## PROVIDED MATERIAL
━━━━━━━━━━━━━━━━━━━━

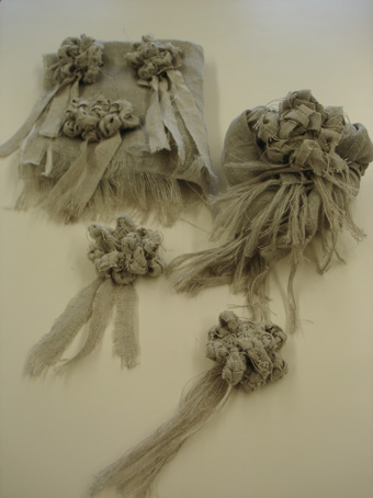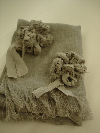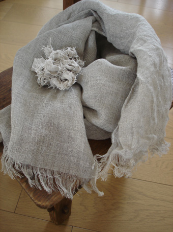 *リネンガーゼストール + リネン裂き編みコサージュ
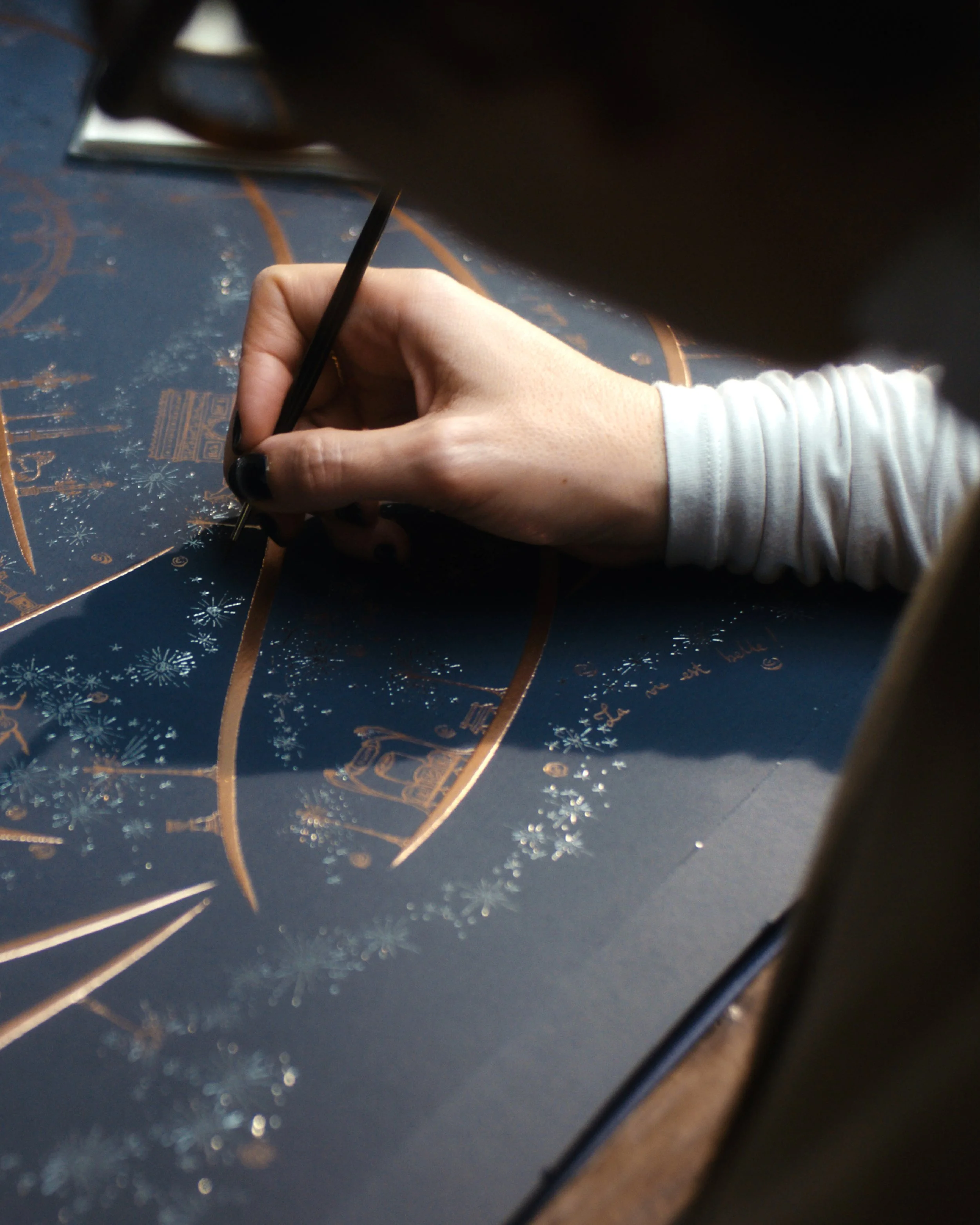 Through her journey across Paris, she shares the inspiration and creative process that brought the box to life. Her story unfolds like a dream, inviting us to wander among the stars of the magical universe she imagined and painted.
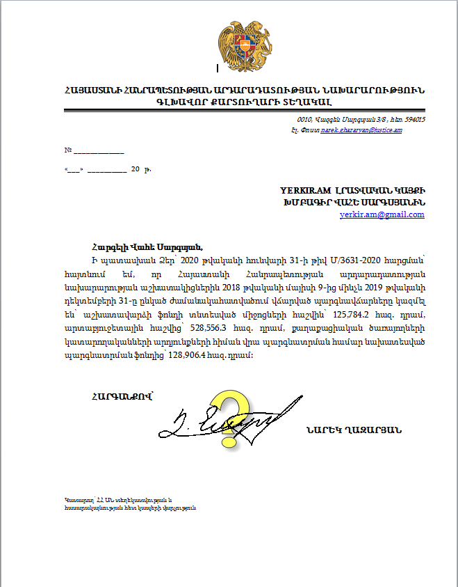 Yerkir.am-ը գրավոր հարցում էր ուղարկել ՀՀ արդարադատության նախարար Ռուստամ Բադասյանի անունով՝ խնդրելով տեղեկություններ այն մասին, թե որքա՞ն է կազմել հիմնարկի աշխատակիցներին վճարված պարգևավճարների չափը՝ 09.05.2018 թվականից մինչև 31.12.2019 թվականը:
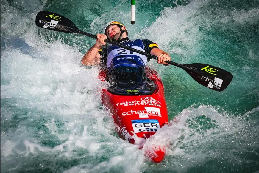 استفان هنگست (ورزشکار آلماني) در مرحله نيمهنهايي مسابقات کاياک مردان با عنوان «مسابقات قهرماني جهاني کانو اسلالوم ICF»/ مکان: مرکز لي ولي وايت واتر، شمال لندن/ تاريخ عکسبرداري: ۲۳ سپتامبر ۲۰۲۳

━━━━━━━━━━━━━━━━━━━━

Restate word for word only the lines from the one with "Yerkir.am-ը գրավոր հարցում" through the last line of the material, both included. Any picture should be left out.

## YOUR SOLUTION
 Yerkir.am-ը գրավոր հարցում էր ուղարկել ՀՀ արդարադատության նախարար Ռուստամ Բադասյանի անունով՝ խնդրելով տեղեկություններ այն մասին, թե որքա՞ն է կազմել հիմնարկի աշխատակիցներին վճարված պարգևավճարների չափը՝ 09.05.2018 թվականից մինչև 31.12.2019 թվականը:
 استفان هنگست (ورزشکار آلماني) در مرحله نيمهنهايي مسابقات کاياک مردان با عنوان «مسابقات قهرماني جهاني کانو اسلالوم ICF»/ مکان: مرکز لي ولي وايت واتر، شمال لندن/ تاريخ عکسبرداري: ۲۳ سپتامبر ۲۰۲۳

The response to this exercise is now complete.